### EXERCISE BRIEF
Only the lines from the start of the data through the line with "疲れが取れない/肩こりがつらい/冷えやむくみが気になる女性に人気のサロン。" belong in the copy. Restate them word for word, minus the pictures.

### Records excerpted from a collection
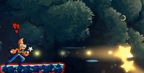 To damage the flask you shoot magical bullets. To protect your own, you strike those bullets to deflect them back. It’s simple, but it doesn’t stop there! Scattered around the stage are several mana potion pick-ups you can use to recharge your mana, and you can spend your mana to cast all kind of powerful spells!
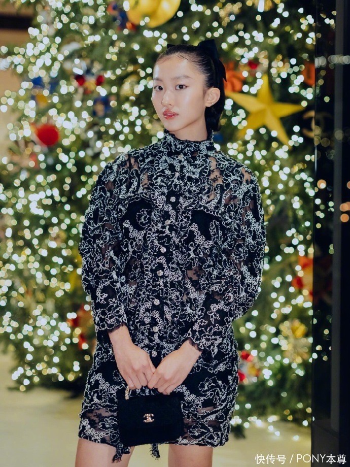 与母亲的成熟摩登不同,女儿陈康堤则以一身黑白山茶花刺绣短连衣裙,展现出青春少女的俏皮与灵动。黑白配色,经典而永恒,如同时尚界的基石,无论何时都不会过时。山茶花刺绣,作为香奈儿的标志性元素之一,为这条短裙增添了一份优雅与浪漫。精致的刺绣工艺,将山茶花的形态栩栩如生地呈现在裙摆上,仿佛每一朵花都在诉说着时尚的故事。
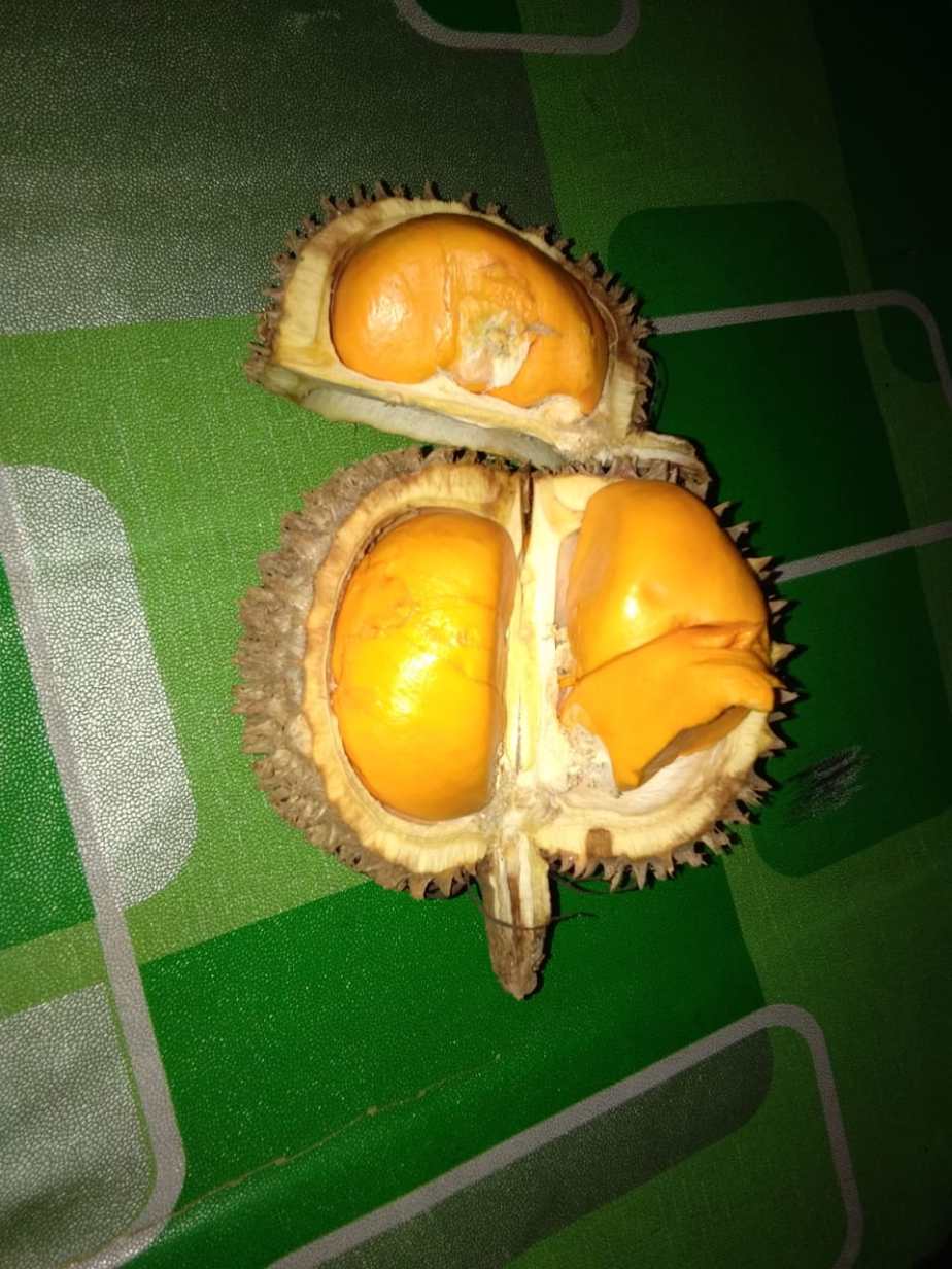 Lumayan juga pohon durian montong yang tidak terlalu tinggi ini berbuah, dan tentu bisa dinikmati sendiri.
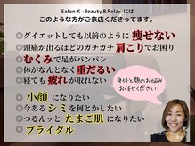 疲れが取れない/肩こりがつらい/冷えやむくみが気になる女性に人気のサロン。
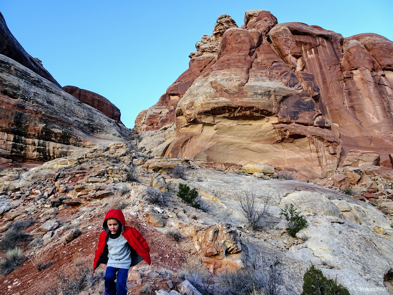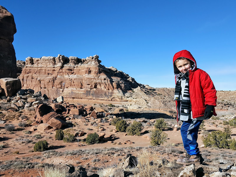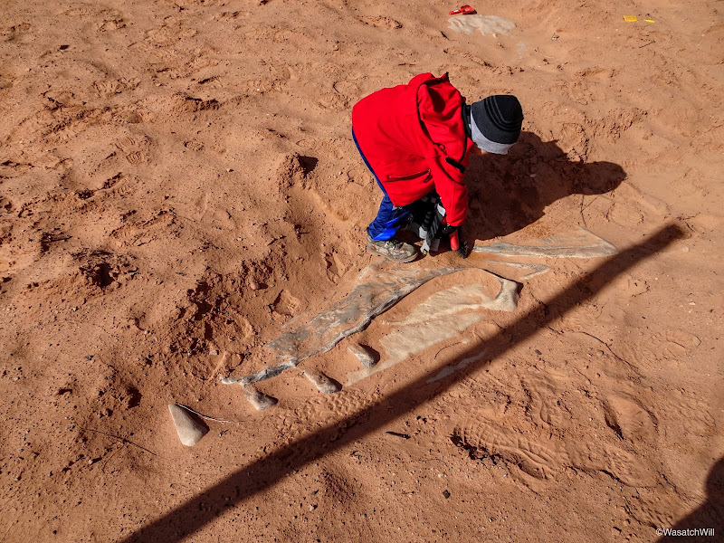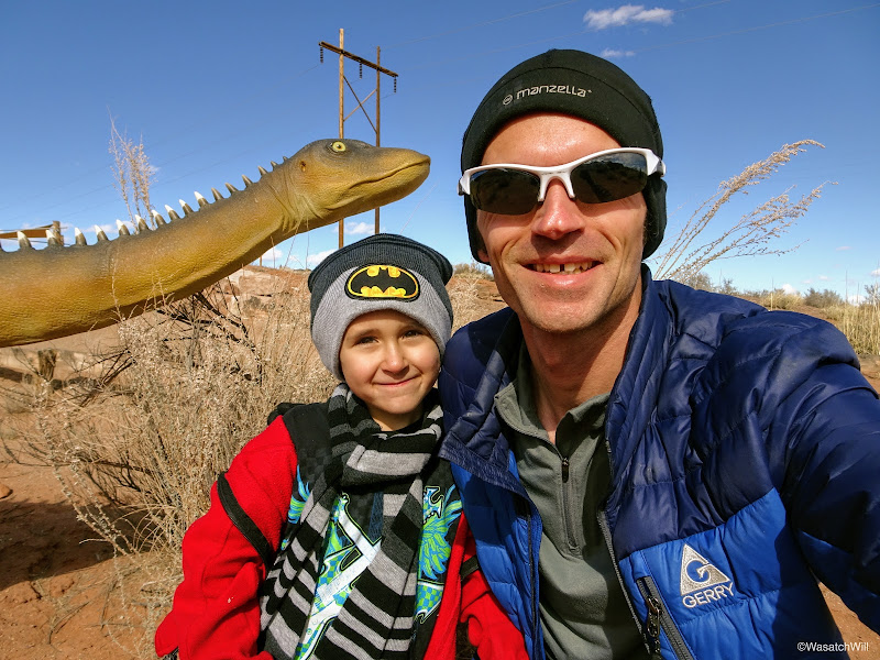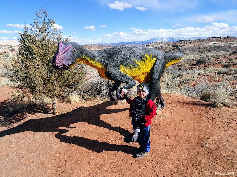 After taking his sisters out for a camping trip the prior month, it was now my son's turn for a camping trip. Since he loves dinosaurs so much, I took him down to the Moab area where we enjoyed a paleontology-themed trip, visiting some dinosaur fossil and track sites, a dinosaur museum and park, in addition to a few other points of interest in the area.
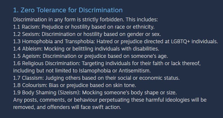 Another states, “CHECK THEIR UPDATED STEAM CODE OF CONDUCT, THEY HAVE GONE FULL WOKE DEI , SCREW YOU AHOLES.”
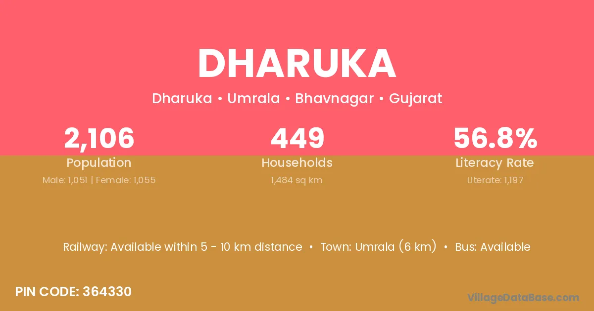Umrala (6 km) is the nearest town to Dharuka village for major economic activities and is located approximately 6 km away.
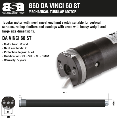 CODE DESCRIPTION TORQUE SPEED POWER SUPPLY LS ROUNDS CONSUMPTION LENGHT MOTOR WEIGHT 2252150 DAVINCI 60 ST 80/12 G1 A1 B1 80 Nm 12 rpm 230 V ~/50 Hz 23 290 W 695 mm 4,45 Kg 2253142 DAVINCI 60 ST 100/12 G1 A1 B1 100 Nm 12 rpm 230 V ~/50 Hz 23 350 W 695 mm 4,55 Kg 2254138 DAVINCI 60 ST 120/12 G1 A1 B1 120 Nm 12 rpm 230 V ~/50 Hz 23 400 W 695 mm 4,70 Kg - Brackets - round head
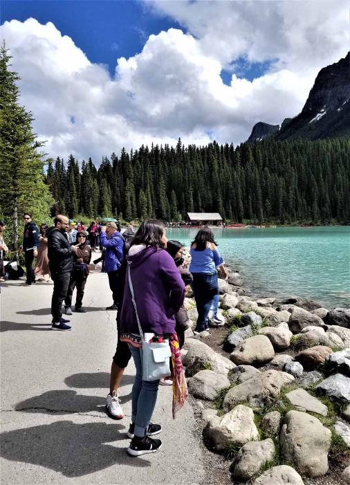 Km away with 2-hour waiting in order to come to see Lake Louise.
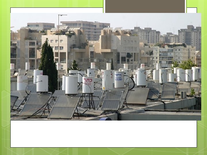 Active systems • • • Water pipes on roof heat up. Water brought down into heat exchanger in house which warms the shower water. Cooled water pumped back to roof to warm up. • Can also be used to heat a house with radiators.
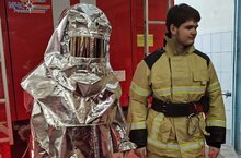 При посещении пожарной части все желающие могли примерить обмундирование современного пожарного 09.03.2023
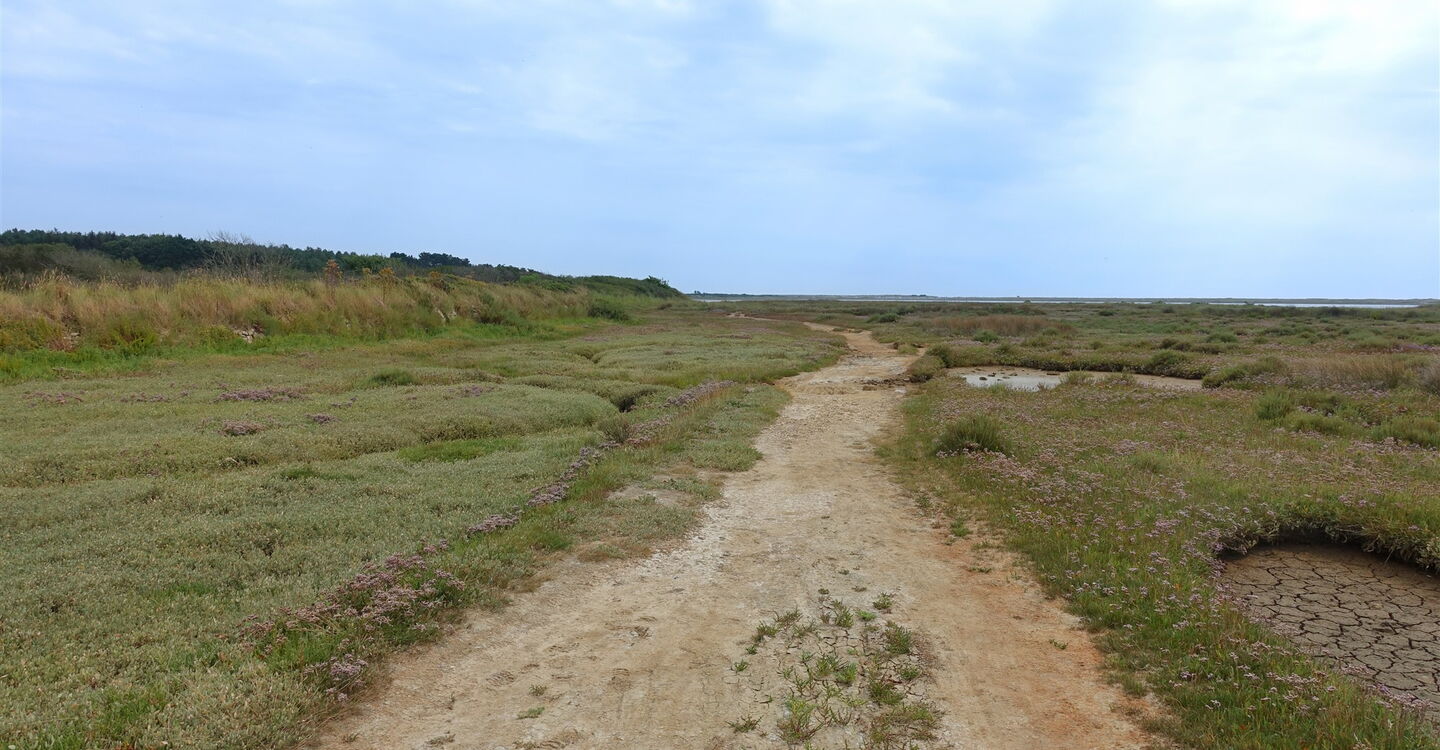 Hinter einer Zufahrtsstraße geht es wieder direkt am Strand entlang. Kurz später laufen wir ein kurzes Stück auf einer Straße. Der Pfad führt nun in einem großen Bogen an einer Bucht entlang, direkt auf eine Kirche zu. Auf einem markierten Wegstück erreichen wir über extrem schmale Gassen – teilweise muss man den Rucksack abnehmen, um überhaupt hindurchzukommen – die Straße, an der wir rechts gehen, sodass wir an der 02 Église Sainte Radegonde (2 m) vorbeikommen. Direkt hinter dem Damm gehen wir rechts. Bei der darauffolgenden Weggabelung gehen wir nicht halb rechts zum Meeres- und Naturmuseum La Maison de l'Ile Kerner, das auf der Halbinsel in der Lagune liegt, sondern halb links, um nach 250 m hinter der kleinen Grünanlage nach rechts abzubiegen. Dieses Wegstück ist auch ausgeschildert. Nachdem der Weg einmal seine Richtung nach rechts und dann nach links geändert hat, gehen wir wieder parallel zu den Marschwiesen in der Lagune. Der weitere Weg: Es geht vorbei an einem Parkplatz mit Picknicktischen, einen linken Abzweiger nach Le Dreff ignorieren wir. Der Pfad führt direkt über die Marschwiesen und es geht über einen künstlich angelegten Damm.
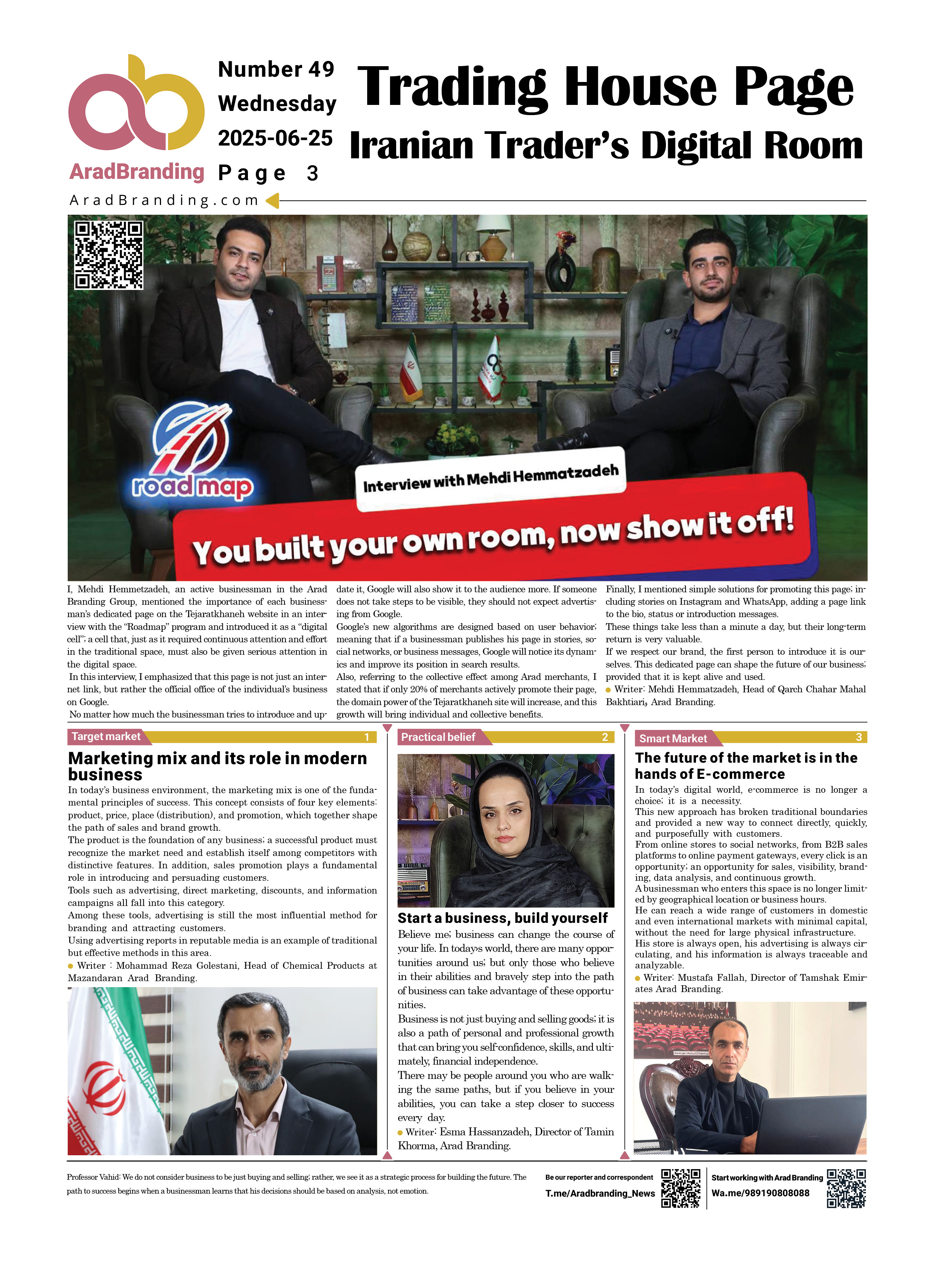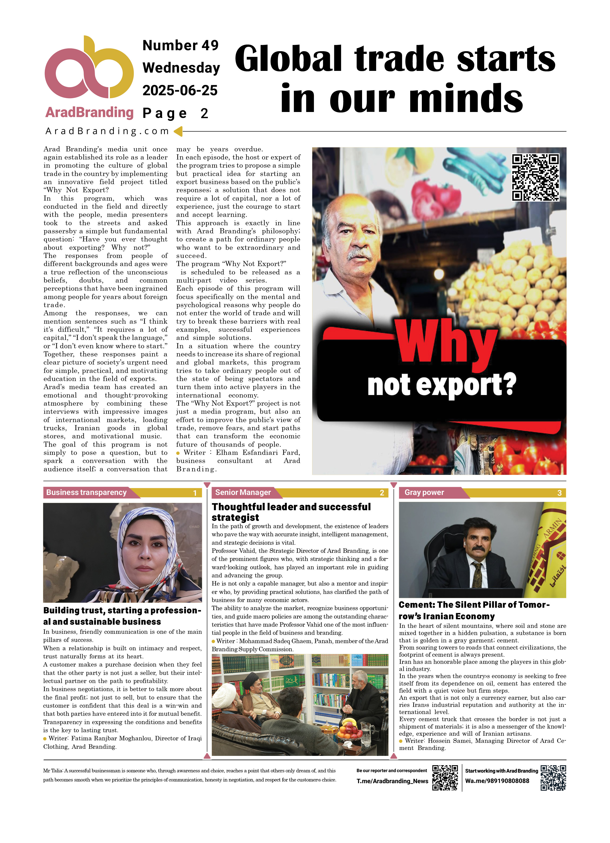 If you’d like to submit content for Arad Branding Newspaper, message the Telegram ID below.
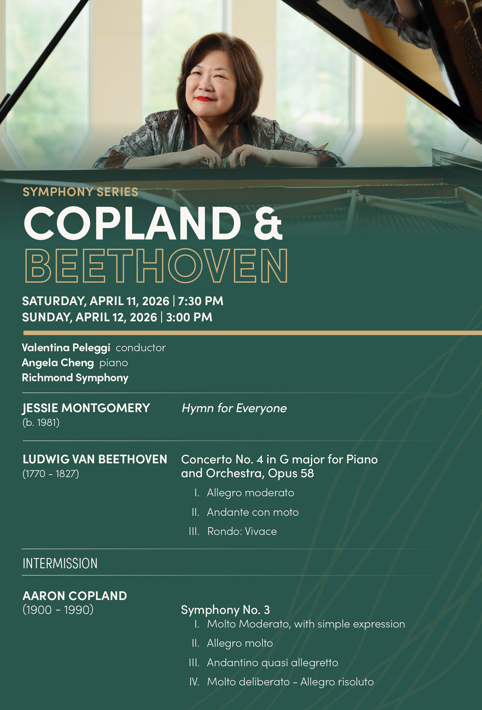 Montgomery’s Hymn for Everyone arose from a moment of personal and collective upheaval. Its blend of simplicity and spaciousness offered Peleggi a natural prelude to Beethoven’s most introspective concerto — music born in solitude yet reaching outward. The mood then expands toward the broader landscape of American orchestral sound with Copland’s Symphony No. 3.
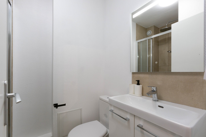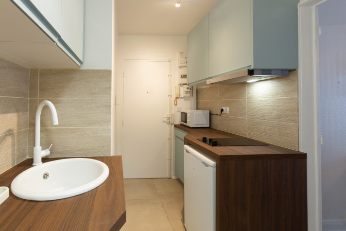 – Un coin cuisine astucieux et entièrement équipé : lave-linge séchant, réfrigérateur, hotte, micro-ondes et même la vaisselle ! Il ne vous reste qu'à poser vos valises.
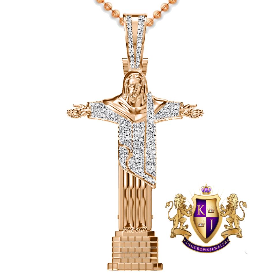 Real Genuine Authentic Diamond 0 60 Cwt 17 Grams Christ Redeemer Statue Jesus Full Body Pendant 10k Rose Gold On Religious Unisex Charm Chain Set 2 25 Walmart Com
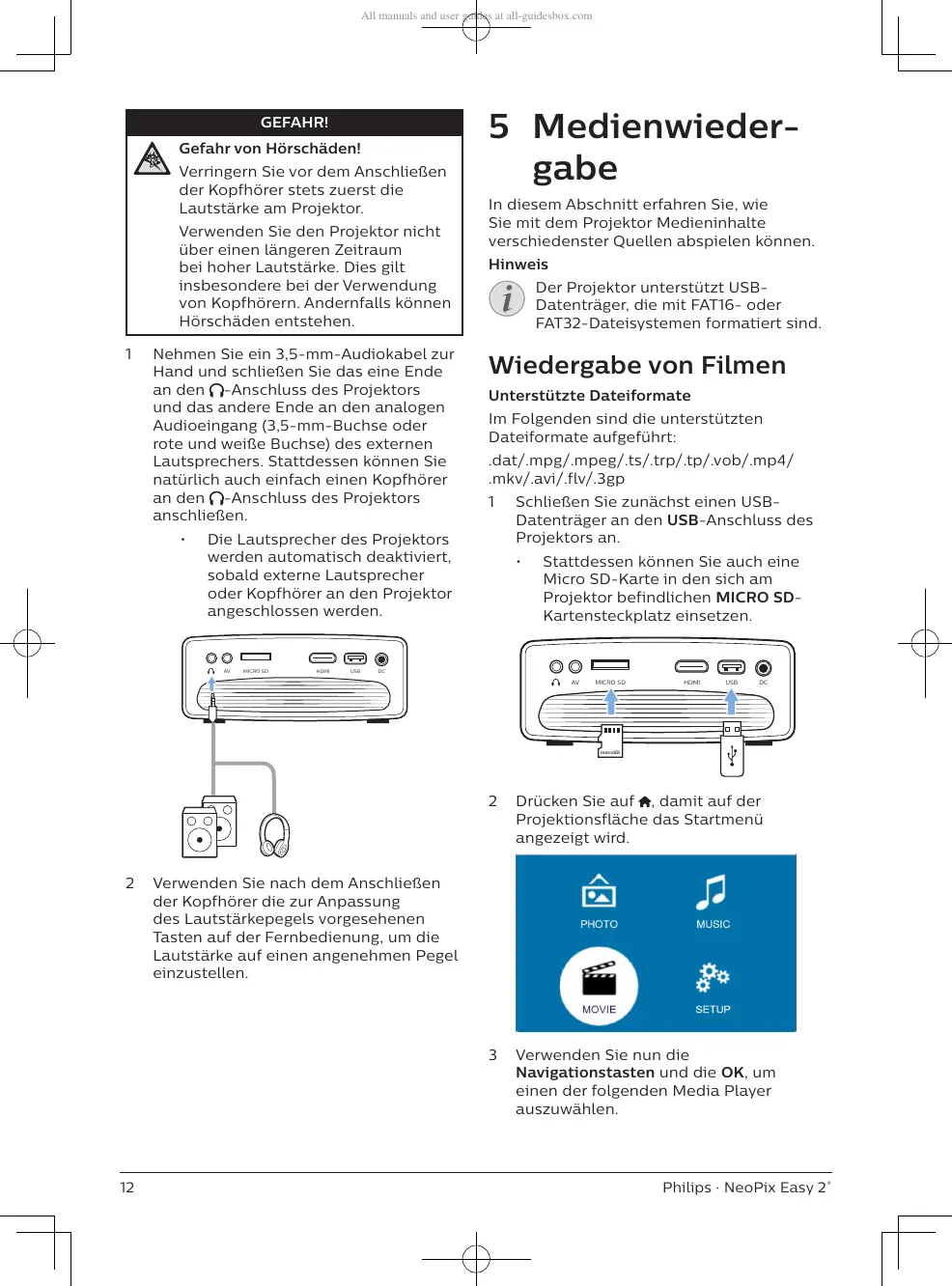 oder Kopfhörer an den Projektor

### RESPONSE
 To damage the flask you shoot magical bullets. To protect your own, you strike those bullets to deflect them back. It’s simple, but it doesn’t stop there! Scattered around the stage are several mana potion pick-ups you can use to recharge your mana, and you can spend your mana to cast all kind of powerful spells!
 与母亲的成熟摩登不同,女儿陈康堤则以一身黑白山茶花刺绣短连衣裙,展现出青春少女的俏皮与灵动。黑白配色,经典而永恒,如同时尚界的基石,无论何时都不会过时。山茶花刺绣,作为香奈儿的标志性元素之一,为这条短裙增添了一份优雅与浪漫。精致的刺绣工艺,将山茶花的形态栩栩如生地呈现在裙摆上,仿佛每一朵花都在诉说着时尚的故事。
 Lumayan juga pohon durian montong yang tidak terlalu tinggi ini berbuah, dan tentu bisa dinikmati sendiri.
 疲れが取れない/肩こりがつらい/冷えやむくみが気になる女性に人気のサロン。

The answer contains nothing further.